Hay bodegas que nacen en una reunión de negocios y bodegas que nacen en una viña. La historia de Javier Sanz Viticultor pertenece claramente al segundo grupo.

En La Seca, en pleno corazón de la D.O. Rueda, esta bodega familiar de quinta generación lleva más de 150 años cuidando el viñedo, recuperando variedades autóctonas casi extinguidas y elaborando vinos de producción limitada que cuentan la historia de su tierra en cada copa.

Hoy la bodega está presente en muchos de los mejores restaurantes de España, pero todo empieza mucho antes, en una finca concreta y en una decisión que lo cambia todo: seguir siendo viticultores cuando lo fácil habría sido dejar de serlo.

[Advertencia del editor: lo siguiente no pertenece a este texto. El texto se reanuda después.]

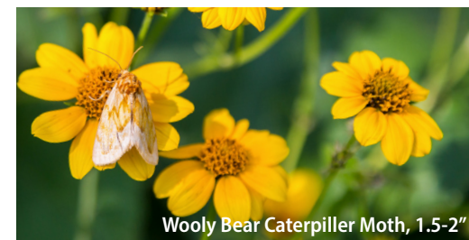
Woolly Bear Caterpillar Moth, 1.5-2"

These fuzzy pollinators come in diverse colors, shapes, and sizes – from weird to wonderful. There are more than 11,000 species of moths in the U.S. – that's more than all bird and mammal species combined. Comprising a good share of the bottom of the food chain, caterpillars and moths are important food sources for birds and, in some parts of the world, people.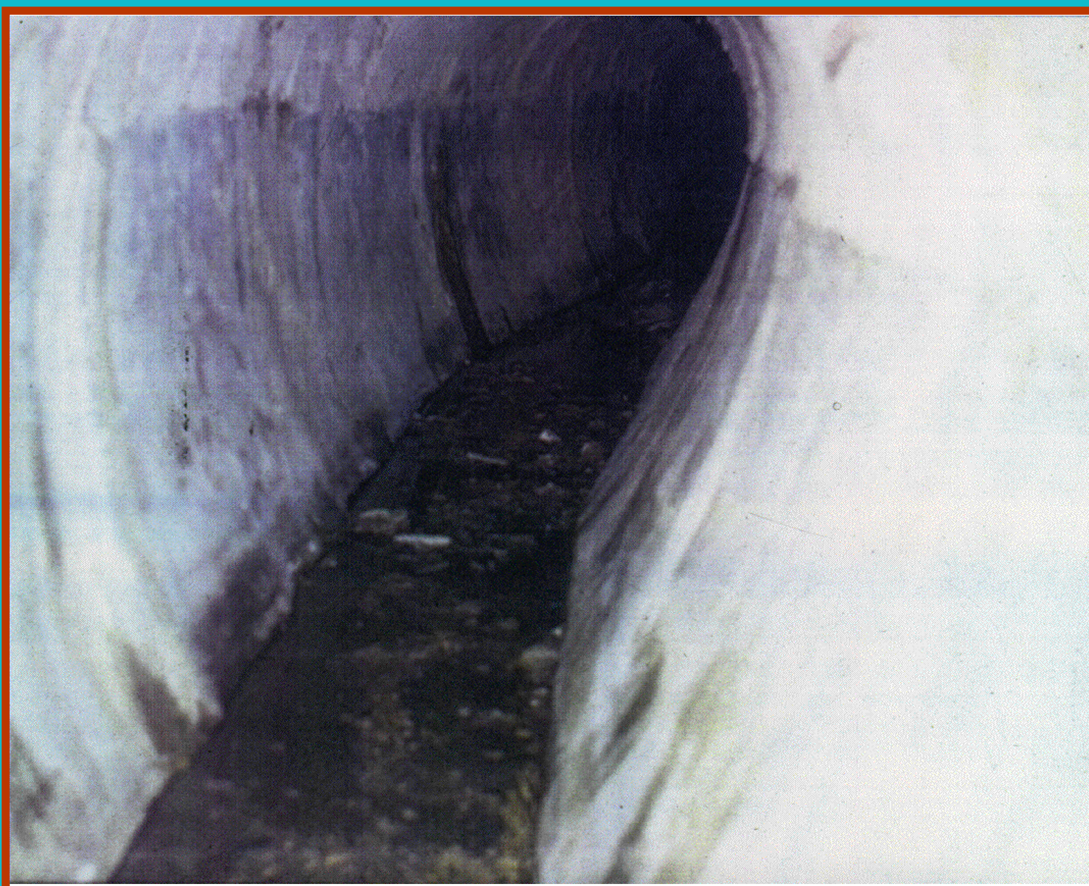
Figure 3 Coarse granular deposit in the egg shaped sewer at Ptolemaidos St., upstream of a sewer bend. Survey on 25/05/96.

De un viñedo de 1863 a una bodega de quinta generación

La fecha que marca el inicio de esta historia es 1863. Ese año se registra oficialmente el viñedo familiar del Pago de Saltamontes, 2,27 hectáreas de Verdejo plantadas en vaso que, contra todo pronóstico, sobrevivieron a la filoxera gracias a sus suelos de arena y cantos rodados. Hoy sabemos que esas cepas tienen más de 150 años y son el viñedo prefiloxérico más antiguo registrado en la D.O. Rueda.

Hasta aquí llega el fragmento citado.